Assertio Therapeutics Announces Exchange Offer of $200 Million of its Currently Outstanding 2.50% Convertible Notes Due 2021
“This transaction is a significant milestone for the Company,” said
Pursuant to the Exchange Agreements, Assertio will exchange approximately $200 million aggregate principal amount of Exchanged Notes for a combination of (a) its new 5.00% Convertible Senior Notes due August 15, 2024 (the “New Convertible Notes”), (b) a cash payment plus accrued but unpaid interest on the Exchanged Notes, and (c) an agreed number of shares of Assertio’s common stock. The transactions are subject to customary closing conditions and are expected to close on August 13, 2019. The shares of Assertio’s common stock and the New Convertible Notes will be issued in private placements exempt from registration in reliance on Section 4(a)(2) of the Securities Act of 1933, as amended (the “Securities Act”). Assertio will issue approximately $120 million aggregate principal amount of New Convertible Notes, pay an aggregate of approximately $30 million in cash and issue an aggregate of approximately 15.8 million shares of its common stock in the transactions. Assertio will not receive any cash proceeds from the issuance of the New Convertible Notes or the shares of its common stock.

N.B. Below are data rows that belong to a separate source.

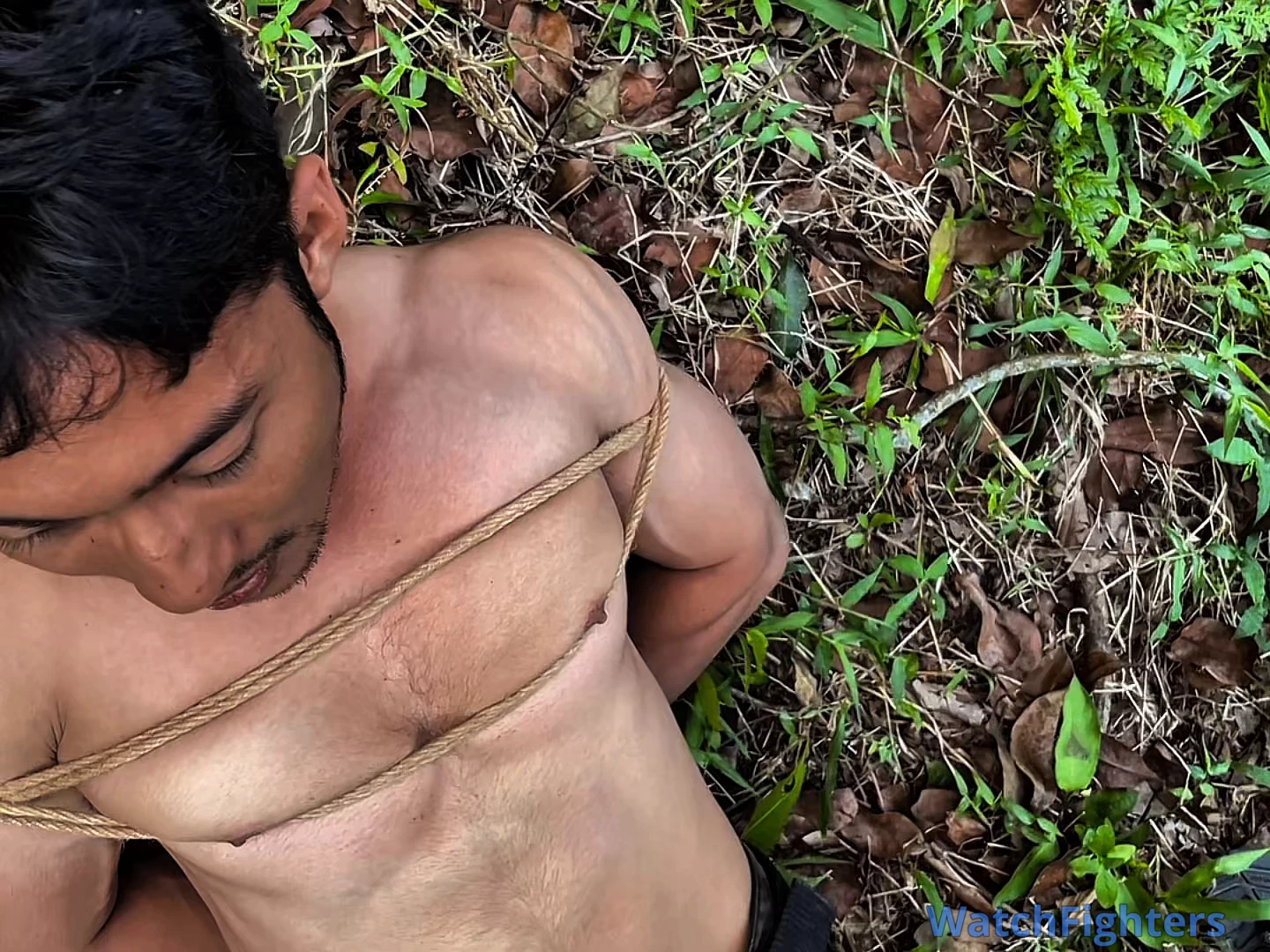 He was finally released from the tree only so that his body was rained down by punches and kicks! Then he found himself in an abandoned building, tied to a wooden rack and there his get captive continued.
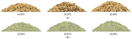 - Bai, J.; Xie, B.; Yan, J.; Zheng, Y.; Liu, N.; Zhang, Q. Moisture content characterization method of wet particles of brown rice based on discrete element simulation. Powder Technol. 2023, 428, 118775. [Google Scholar] [CrossRef]
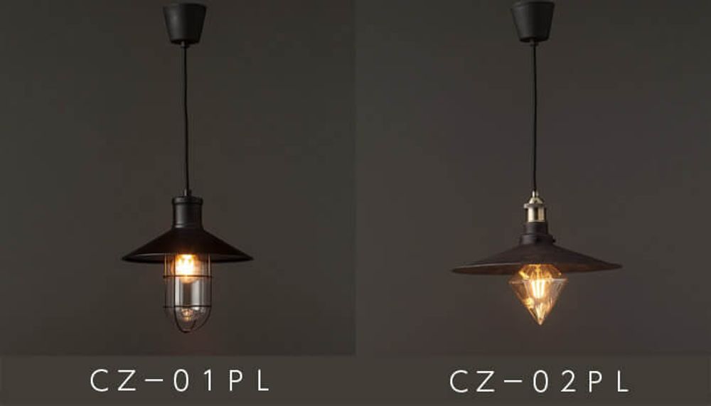 広がるつばが懐かしさを感じさせる、スチール製のシェードです。シェード部分は錆びた質感を表現。使い込まれた風合いがアンティークのような雰囲気を演出します。ペンダントライト CZ-03PL

The New Convertible Notes will bear interest at a rate of 5.00% per year, payable semiannually in arrears on February 15 and August 15 of each year, beginning on February 15, 2020, and will be convertible into cash, shares of Assertio’s common stock or a combination of cash and shares of Assertio’s common stock, at Assertio’s election, at an initial conversion rate of 323.5198 shares of Assertio’s common stock per $1,000 principal amount of New Convertible Notes, which is equivalent to an initial conversion price of approximately $3.09 per share of Assertio’s common stock. The New Convertible Notes will mature on August 15, 2024, unless earlier converted or repurchased in accordance with their terms prior to such date.
Assertio also entered into an amendment to its senior secured credit agreement to facilitate the convertible note exchange transactions.
SunTrust Robinson Humphrey, Inc. acted as Sole Exchange Agent and Financial Advisor to Assertio in connection with the transactions and Gibson, Dunn & Crutcher acted as legal counsel to Assertio.
This news release shall not constitute an offer to sell or the solicitation of an offer to buy, nor shall there be any sale of these securities in any state or jurisdiction in which such offer, solicitation or sale would be unlawful prior to registration or qualification under the securities laws of any such state or jurisdiction.
“Safe Harbor” Statement under the Private Securities Litigation Reform Act of 1995
This news release contains forward-looking statements. These statements involve inherent risks and uncertainties that could cause actual results to differ materially from those projected or anticipated, including risks related to the proposed exchange offer and other risks outlined in Assertio’s public filings with the Securities and Exchange Commission, including Assertio’s most recent annual report on Form 10-K and subsequent quarterly reports on Form 10-Q. All information provided in this news release speaks as of the date hereof. Except as otherwise required by law, Assertio undertakes no obligation to update or revise its forward-looking statements.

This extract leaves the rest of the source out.